For details about MLlib's collaborative filtering algorithms, please refer to
https://spark.apache.org/docs/latest/mllib-collaborative-filtering.html.
All code definition can be found [here](src/main/scala/Run.scala).
### Data Source
Training data is located at `/examples/data/movielens.txt`. Values are delimited
by double colons (::). The first column are user IDs. The second column are item
IDs. The third column are ratings. In this example, they are represented as
`RDD[Rating]`, as described in the official MLlib guide.
### Preparator
The preparator in this example is an identity function, i.e. no further
preparation is done on the training data.
### Algorithm
This example engine contains one single algorithm that wraps around MLlib. The
`train()` method simply calls MLlib's `ALS.train()` method.
### Serving
This example engine uses `FirstServing`, which serves only predictions from the
first algorithm. Since there is only one algorithm in this engine, predictions
from MLlib's ALS algorithm will be served.
Training a Model
----------------
This example provides a set of ready-to-use parameters for each component
mentioned in the previous section. They are located inside the `params`
subdirectory.
Before training, you must let PredictionIO know about the engine. Run the
following command to build and register the engine.
```
$ cd $PIO_HOME/examples/scala-recommendations
$ ../../bin/pio build
```
where `$PIO_HOME` is the root directory of the PredictionIO code tree.
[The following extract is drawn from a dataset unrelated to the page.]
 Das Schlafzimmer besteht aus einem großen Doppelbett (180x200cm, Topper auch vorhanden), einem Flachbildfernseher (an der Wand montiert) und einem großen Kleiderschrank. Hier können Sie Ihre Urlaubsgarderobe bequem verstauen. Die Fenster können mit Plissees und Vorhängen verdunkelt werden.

To start training, use the following command. You need to install the
[`gfortran`](https://github.com/mikiobraun/jblas/wiki/Missing-Libraries)
runtime library if it is not already present on your nodes. For Debian and
Ubuntu systems this would be "`sudo apt-get install libgfortran3`".
```
$ cd $PIO_HOME/examples/scala-recommendations
$ ../../bin/pio train
```
This will train a model and save it in PredictionIO's metadata storage. Notice
that when the run is completed, it will display a run ID, like below.
```
2014-08-27 23:13:54,596 INFO SparkContext - Job finished: saveAsObjectFile at Run.scala:68, took 0.299989372 s
2014-08-27 23:13:54,736 INFO APIDebugWorkflow$ - Saved engine instance with ID: txHBY2XRQTKFnxC-lYoVgA
```
Deploying a Real-time Prediction Server
---------------------------------------
Following from instructions above, you should have trained a model. Use the
following command to start a server.
```
$ cd $PIO_HOME/examples/scala-recommendations
$ ../../bin/pio deploy
```
This will create a server that by default binds to http://localhost:8000. You
can visit that page in your web browser to check its status.
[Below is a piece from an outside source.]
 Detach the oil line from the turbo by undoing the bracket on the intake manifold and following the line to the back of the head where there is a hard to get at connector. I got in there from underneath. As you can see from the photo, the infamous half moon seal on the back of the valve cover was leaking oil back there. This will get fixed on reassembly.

To perform real-time predictions, try the following. This predicts on how user 1 will rate item (movie) 4. As in all collaborative filtering algorithms, it will not handle the case of a cold user (when the user has not rated any movies).
```
$ curl -H "Content-Type: application/json" -d '[1,4]' http://localhost:8000/queries.json
```
Congratulations! You have just trained an ALS model and is able to perform real
time prediction distributed across an Apache Spark cluster!
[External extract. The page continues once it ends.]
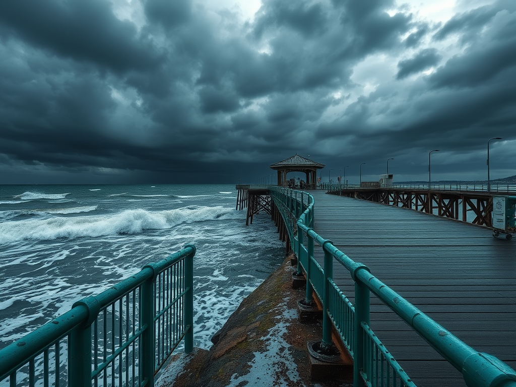 The turquoise blues of the sparkling sea are now stormy and grey, the sky is leaden. The fair is gone, and the happy people have been painted out of existence. The only figure is a solitary bent old man standing by the railing at the end of the pier.

Production Prediction Server Deployment
---------------------------------------
Prediction servers support reloading models on the fly with the latest completed
run.
1. Assuming you already have a running prediction server from the previous
section, go to http://localhost:8000 to check its status. Take note of the
**Run ID** at the top.
2. Run training and deploy again. There is no need to manually terminate the previous deploy instance.
```
$ cd $PIO_HOME/examples/scala-recommendations
$ ../../bin/pio train
$ ../../bin/pio deploy
```
3. Refresh the page at http://localhost:8000, you should see the prediction
server status page with a new **Run ID** at the top.
Congratulations! You have just experienced a production-ready setup that can
reload itself automatically after every training! Simply add the training or
evaluation command to your *crontab*, and your setup will be able to re-deploy
itself automatically at a regular interval.